WORKING DATA =

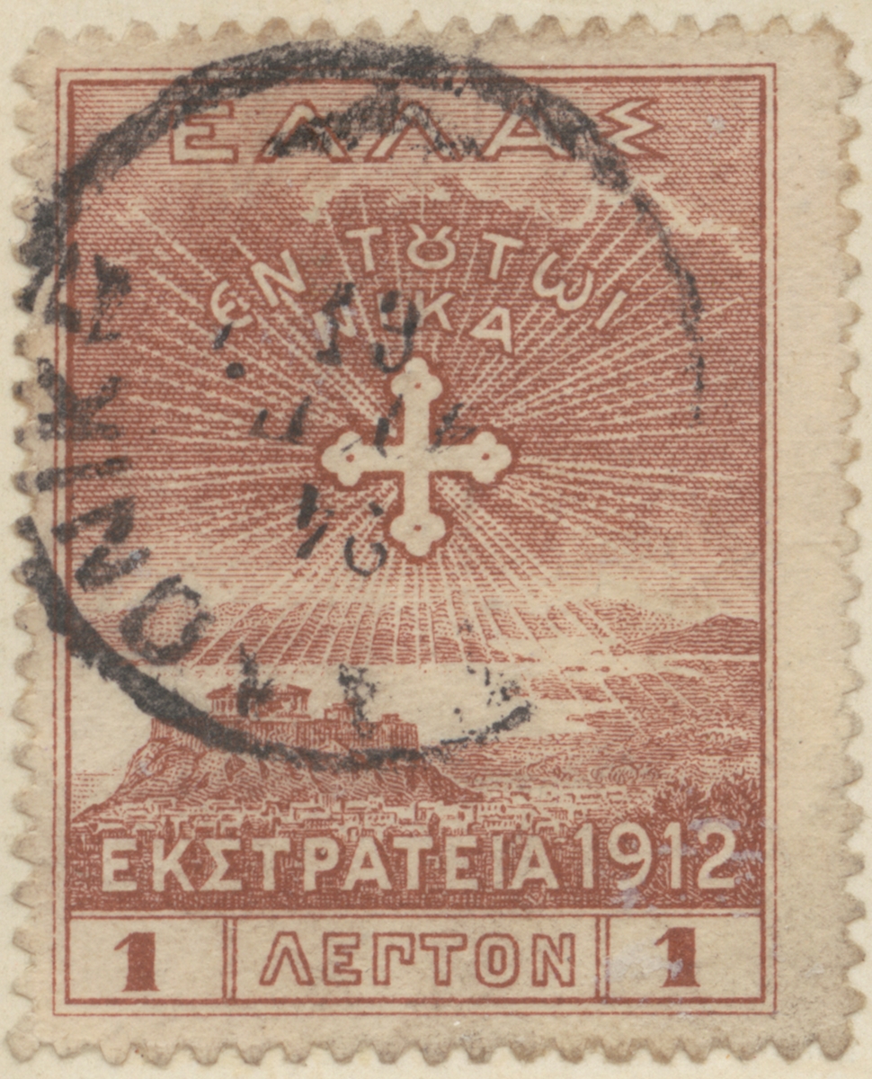 Frimärke från Grekland, 1913. Motiv av Konstantin Kors Symbol I bakgrunden: Acropolis -Grekiska okkupation av en del av Turkiet-
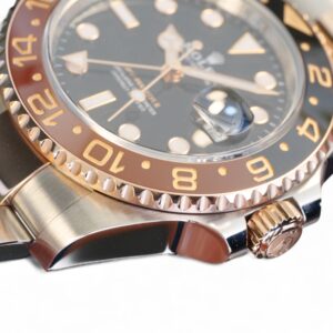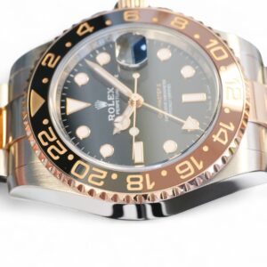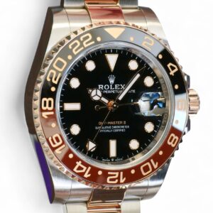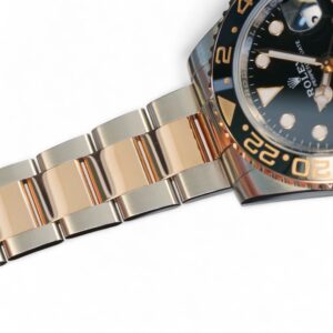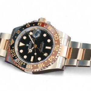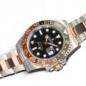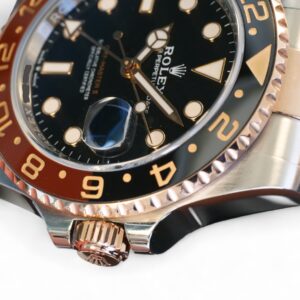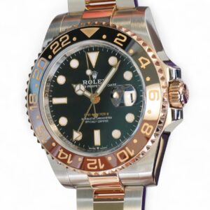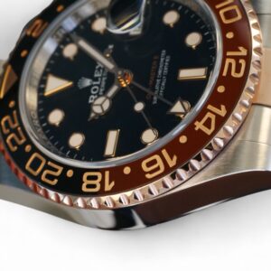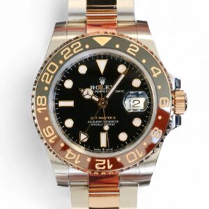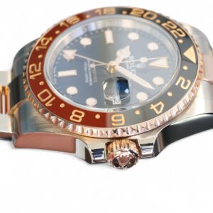On offer for sale is a highly desirable, the iconic and hisoricaly rich, Rolex GMT Master-II Rootbeer in a very beautiful configuration of Oystersteel and 18ct Everose gold, and a spectaculer brown-black ceramic bezel, model reference 126711CHNR.
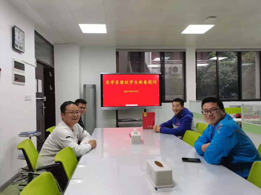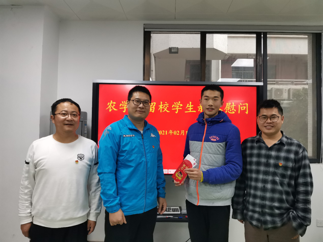辞旧迎新,不忘初心。2月10日下午,tyc122ccvip农学系陈青春主任、蒋锋副教授、孙伟副教授在英东楼215实验室代表农学系慰问留校的农学17级徐天成同学,并发放了新年利是,希望其能继续努力,争取考到理想的院校,实现自己的目标。
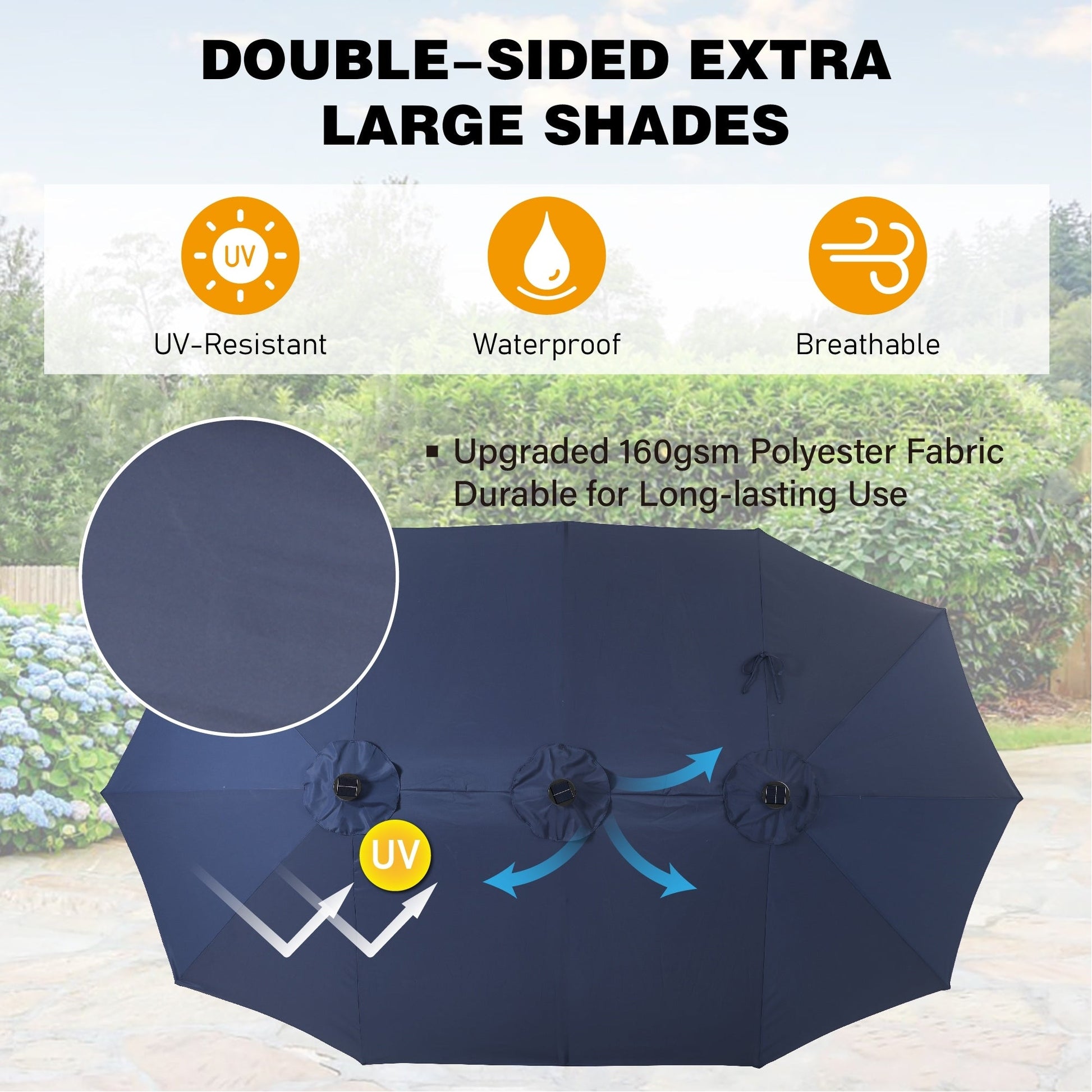 15-foot Rectangular Crank Double-sided Outdoor Market Umbrella Solar LED Lighted Patio Umbrella with Base Included
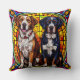 Zwei Hunde in einem gestanzten Glas-Design Kissen
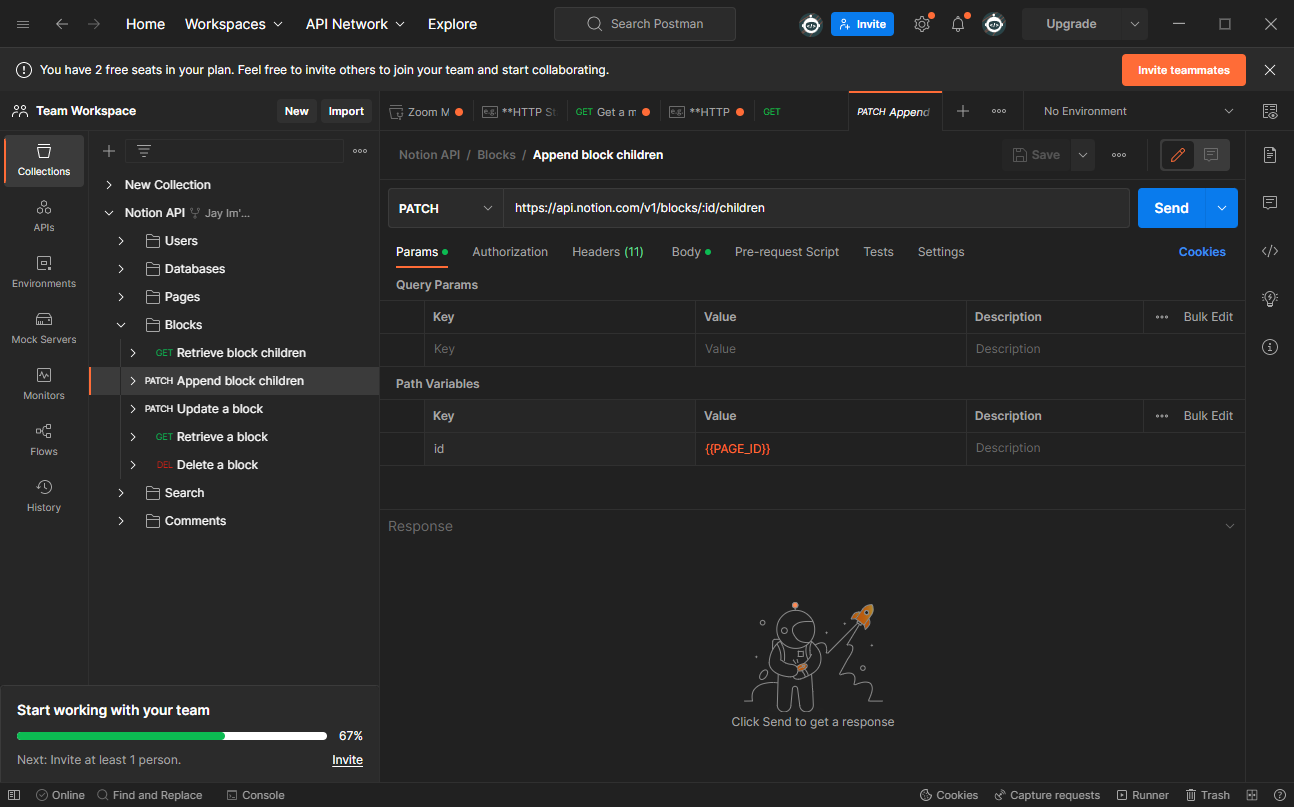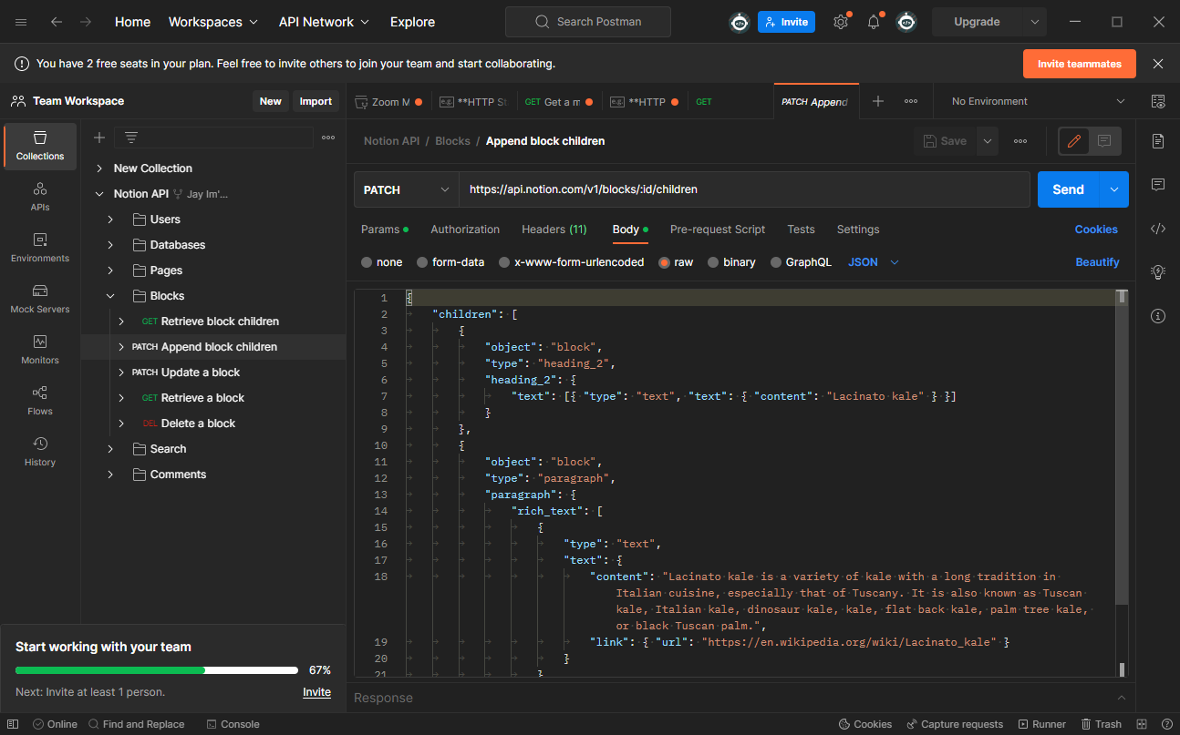 포스트맨에서도 확인할 수 있다. Append block children

WORK ORDER =
What is needed is an exact repeat of only the lines from the one containing "辞旧迎新,不忘初心。2月10" through the last line of the listing above, both ends included, without the pictures.

ANSWER FOR THIS EXERCISE =
辞旧迎新,不忘初心。2月10日下午,tyc122ccvip农学系陈青春主任、蒋锋副教授、孙伟副教授在英东楼215实验室代表农学系慰问留校的农学17级徐天成同学,并发放了新年利是,希望其能继续努力,争取考到理想的院校,实现自己的目标。
 15-foot Rectangular Crank Double-sided Outdoor Market Umbrella Solar LED Lighted Patio Umbrella with Base Included
 Zwei Hunde in einem gestanzten Glas-Design Kissen
 포스트맨에서도 확인할 수 있다. Append block children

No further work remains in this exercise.